La tonalité et ce qui lui sert de prétexte varient selon les cas.
Parfois ce peut être historique.
C'est, par exemple, le cas du Figaro dans sa version "Figaro vins" qui m'a déjà beaucoup amusé à l'occasion de précédentes parutions.
J'ai donc lu un récent article de cette vénérable revue qui se penche sur les femmes, le vin et l'histoire que l'on peut en écrire.
Ou, en l'occurrence, re écrire.
Car de mon point de vue, cette version de l'Histoire des femmes et du vin sent le vinaigre.

Il est vrai qu'on ne met jamais mieux un problème en évidence qu'en le créant soi même sur la base de questions - de préférences biaisées - que l'on se posera avant d'y répondre à sa guise.
On n'est jamais mieux servi que par soi même.
C'est le cas pour le soit disant sexisme du vocabulaire vinique, çà l'est aussi, ici, quand on en vient à l'Histoire.

A la question : "Quelles ont été les femmes les plus influentes du monde du vin ?", le Figaro vins nous répond que c'est : "Une question qui, encore aujourd’hui, suscite un certain mutisme. Au-delà des veuves de Champagne et de quelques dirigeantes de prestigieux domaines, il reste encore difficile de citer sur les doigts des deux mains les femmes ayant marqué l’histoire du vin, même en y incluant l’époque contemporaine.".

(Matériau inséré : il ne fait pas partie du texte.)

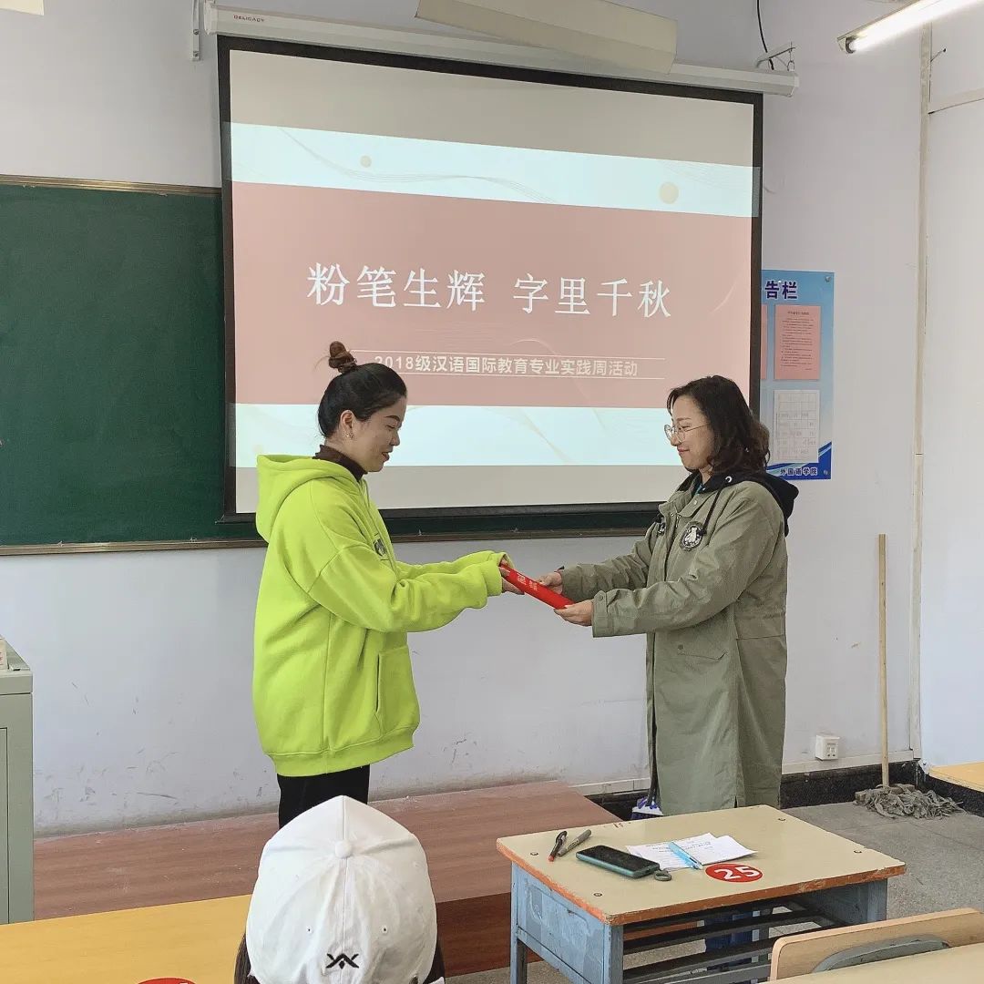 中国书法是一门古老的汉字书写艺术,从甲骨文、石鼓文、金文演变为大篆、小篆、隶书,定型于东汉、魏、晋的草书、楷书、行书等,书法一直散发着独特的艺术魅力。为了继承和发展中华书法艺术,弘扬民族文化,强化汉语国际教育专业学生写好粉笔字的意识,切实提高学生的板书书写技能,语言文化学院2018级汉语国际教育专业于2020年10月14日下午一点半,在一教214教室举行了以“粉笔生辉,字里千秋”为主题的粉笔字大赛。

Rappelons que le Figaro, même dans sa version "vins", est une revue grand public.
Or qui dans le grand public est capable citer des femmes ayant marqué l'histoire du vin ? et, surtout, quelles sont les femmes susceptibles d'être ainsi nommées ?
Nous serons d'accord sur le fait que l'on citera amplement (et probablement uniquement) la Veuve Clicquot et, tout aussi probablement, sans être capable de la situer dans le temps ni de dire en quoi et pourquoi elle a été marquante dans l'Histoire du vin en général et spécifiquement celle du vin de Champagne (je pense en particulier à l'arrivée des tables de remuage dont je crains que trop peu de professionnels du vin soient en mesure de lui en reconnaître le mérite).
Mais soyons sérieux deux minutes ... quels sont donc les hommes marquants l'Histoire du vin que ce même grand public serait capable "de citer sur les doigts des deux mains" ?
Il y a bien sur Noé, qui est très connu et dont, avec un minimum de culture biblique, on doit pouvoir dire qu'il fut le premier vigneron. De là à en déduire qu'il sera spontanément cité parmi les hommes les plus influents de l'Histoire du vin il y a peut-être un pas démesuré ?
Un homme incontestable est certainement le célèbre Dom Pérignon (oui : nous restons en Champagne, de toute évidence un exemple en termes de communication maîtrisée). Et ce quand bien même rien n'indique qu'il soit l'inventeur du vin de Champagne tel que nous le connaissons aujourd'hui. Il serait donc certainement cité, mais probablement en étant paré de laurieurs qui ne sont pas les siens.
Et les autres ?
Mais qui d'autre !?
Passons en revue quelques grands noms de l'Histoire de la vigne et du vin :
- Louis Pasteur ? Il est incontestable. Et essentiel.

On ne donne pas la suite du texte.